Wire
Patients could lose some APRN prescriptions in Ohio
Representative Kellie Deeter’s bill would block advanced practice registered nurses from prescribing drugs on the exclusionary formulary. It also narrows when nurse practitioners, nurse-midwives and clinical nurse specialists can write schedule II prescriptions.
Ohio lawmakers are tightening the prescribing lane for advanced practice registered nurses, or APRNs, and the change would be felt most by patients who depend on nurse practitioners, nurse-midwives and clinical nurse specialists for routine care. Under the proposal, those clinicians could not prescribe or furnish drugs or therapeutic devices listed on the exclusionary formulary, and their ability to prescribe schedule II controlled substances would be limited to cases that meet the measure’s conditions.
A narrower prescription lane
For patients, the practical effect is less room at the edge of what an APRN can hand over at the visit. The proposal does not rewrite all of nursing care, but it does draw a sharper line around the medicines and devices these clinicians can provide on their own.
That matters because APRNs often sit in the middle ground between primary care access and specialist care. When their prescribing authority shrinks, the change lands in ordinary moments, at the pharmacy counter, in a follow-up appointment, or in a decision about whether treatment can begin that day.
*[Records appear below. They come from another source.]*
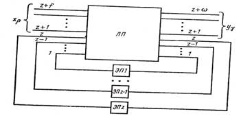 Функциональный узел А устройства в общем виде может быть представлен конечным автоматом, содержащим однотактный логический преобразователь ЛП с f входами, w выходами и z обратными связями, в каждой из которых размещен двухпозиционный элемент памяти ЭП (рис. 1.1). Контрольное устройство тоже может быть представлено в виде некоторого конечного автомата В.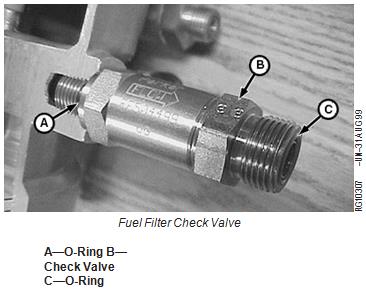 2. Disconnect fuel line (shown disconnected) and remove check valve (B). Remove O-rings (A) and (C) from both ends of check valve.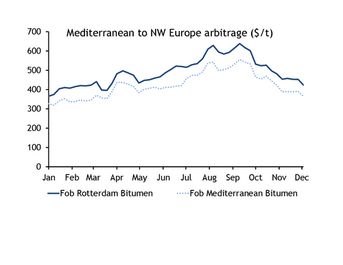 Arbitrage shipments from the Mediterranean to the US east coast and east of Suez have been hard to work for most of the year, limiting export options for the region's surplus bitumen supply. The spread between Argus' fob Mediterranean bitumen index and fob Rotterdam cargoes has been volatile this year. It was at its lowest in early January at around $38/t and peaked in mid-June at over $103/t. As of 8 December, it stood at just under $59/t in favour of Rotterdam.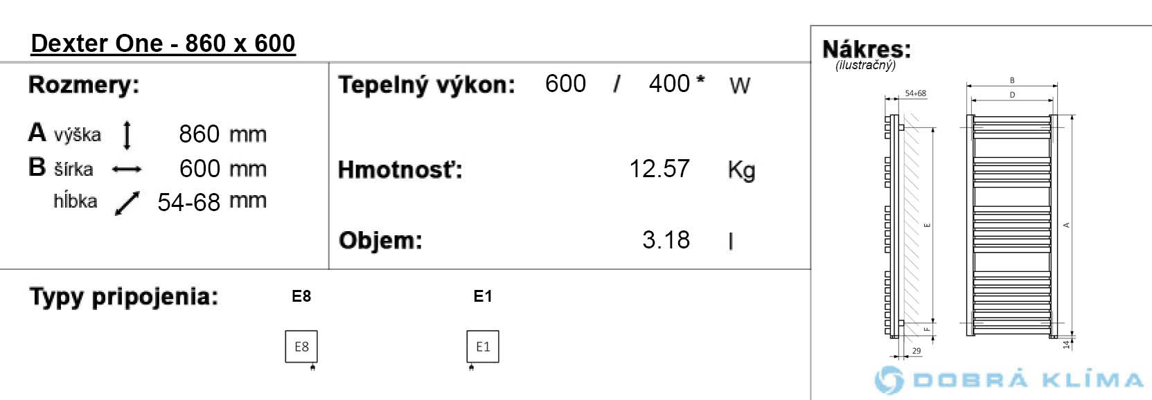 Verfügbare Varianten: mit elektrischem Betrieb. In unserem Angebot finden Sie auch das Modell Dexter mit dem Warmwasser-Betrieb. Wärmeleistung: 400 – 1000 W.
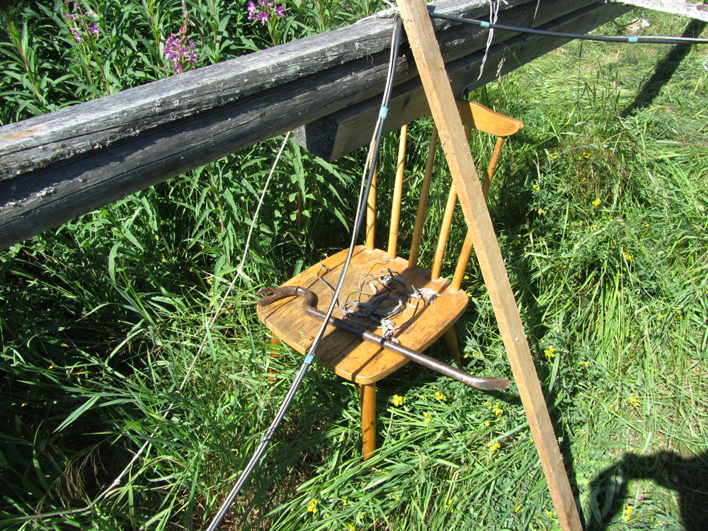 Место для УКВ просто классное, гора 250 метров на ней дом, в доме электричество и гостеприимные хозяева: Эдуард Васильевич с дочкой Ольгой. Когда-то давно Эдик покупал этот дом исходя из его местоположения для УКВ. Много всяких экспериментов проводил с антеннами и УКВ аппаратурой. В этом году это был его первый приезд туда. Рядом с домом стоит деревянная конструкция высотой метров 12 с четырьмя вертикальными рамками, а-ля "антенна Харченко", две рамки периметром 2 длины волны на 144 мгц и две рамки периметром 1,5 длины волны. Антенна не крутится, но за счет широкого лепестка в горизонтальной плоскости и двунаправленности, слышно всех и спереди, т.е 3 район и сзади т.е. Питер. Но рейки на антенне сломались и пришлось её опускать чинить подручными средствами и снова подымать. Но мы втроем справились. Кроме этой экзотической конструкции были еще две антенны, что я привез с собой. Это всем известный шестиэлементник на 144 и 25 эл. на 1296, собственного изготовления, по расчетам Александра RU1AA. Поскольку выезд состоялся в меньшем составе, чем планировалось изначально, а решение о том, что я все же поеду было принято за два дня до отъезда, то других антенн быстро найти не представлялось возможным.

Drugs the rule takes off the table
The exclusionary formulary is the bill’s hard stop. If a drug or therapeutic device is on that list, a clinical nurse specialist, certified nurse-midwife or certified nurse practitioner could not prescribe or furnish it under the new language.
Schedule II controlled substances would get their own set of limits, with prescribing allowed only when the proposal’s conditions are satisfied. Those are the most tightly controlled prescription drugs, so the change adds another layer of review to the items that already carry the heaviest scrutiny.
A broader rewrite of nursing law
The prescribing changes are folded into a wider cleanup of Ohio nursing law, not just one isolated rule. The proposal also amends the statutes that govern the Board of Nursing and other nursing-related provisions, so the new limits sit inside a broader statutory rewrite.
That broader approach can make a bill like this easier to miss, but its effect is concrete. It changes the legal framework that tells APRNs what they may prescribe, what they may not, and where the state wants the line to be drawn.